Life May Be

Mark Cousins is that rare film critic and scholar who knows that the truest way to critique films is to make films. His fifteen-part documentary on the history of cinema, The Story of Film: An Odyssey, is one of the most cinematically articulate survey of all cinema has been and can be I’ve ever encountered. The series is also profoundly ethical. Cousins focuses more on world cinema and cinema from the margins than he does on the Hollywood products that dominate our collective consciousness. The series is on Netflix Instant. If you watch it, it will dramatically alter your perspective on movies. I return to it often in my explorations of the cinematic medium.

Mania Akbari is an exiled Iranian filmmaker whose previous films have blended aspects of her life with narrative constructs. I do not have direct experience of her work, but from what I’ve read, her films consider the place and power of the human body in society. Akbari comes from a culture where the public display of the body is explicitly forbidden and where the ownership of female bodies in particular is a point of current contention. Compound those cultural factors with her own breast cancer and subsequent mastectomy, and her preoccupation with bodies makes perfect sense. Cousins contends that she is also one of Iran’s most talented filmmakers. I’ll have to watch some of her films to see.

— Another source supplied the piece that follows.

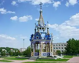 В 1839 году к 100-летнему юбилею предприятия построена деревянная часовня, которая существовала до 1888 года[1]. К 900-летию Крещения Руси, в 1888 году, настоятель храма Святой Троицы Владимир Кожевников обратился к работникам и хозяевам завода с предложением построить цельную металлическую часовню. Эта идея была поддержана, прихожане и заводчане стали жертвовать на строительство часовни деньги по 2 копейки с каждого заработанного рубля. В 1893 году часовня была построена. Стояла она на том месте, где сейчас находится детская поликлиника, на пересечении улиц Вершинина и Ленина[2]. Новая часовня представляла довольно редкое сооружение: она устроена «буквально из одного железа» и увенчана пятью зеркальными крестами; её стоимость обошлась около 5000 рублей[1].

Akbari and Cousins sparked a friendship a few years back when Cousins wrote an essay to accompany the British release of one of Akbari’s films. He framed the essay as a letter to Akbari. She read the essay/letter and replied. This correspondence developed into a series of cinematic letters passed back and forth between the two. Life May Be is an editing together of those letters into a feature-length, epistolary (Look, Ma! I learned a new word!) film.

Life May Be is non-narrative. It is simply Akbari and Cousins’ replies to each other as narration over filmed images. Sometime those images are static. Sometimes they’re not. Sometimes they reach for profundity. Sometimes they fall back on dry wit. The film is equal parts engaging and boring depending on how tied the images are to what Akbari and Cousins are saying.

What they say deals mostly with their thoughts on the impermanence of place—Akbari is in exile; Cousins travels the world to sustain his film scholarship—and the politics of the artistic representation of the body. You’ll likely be as interested in this film as you are in those subjects.

Life May Be is the kind of film best watched early in the morning with a cup of coffee in hand. Context matters, to the subjects of the film, the filmmakers themselves, and the film’s audience. I saw Life May Be at the Movies and Meaning Festival in Albuquerque, New Mexico, as the fourth and final film of its day, which, because of the film’s staid rhythms and my aesthetic exhaustion, made it a difficult film to give my full attention to throughout. In the context of the festival, the film stood as a reminder of the unjust demands placed upon us by the societies in which we live and the potential for art to transcend that injustice. You’ll likely take something different from it if and when you see it. I’d love to hear what you take from it if and when you do.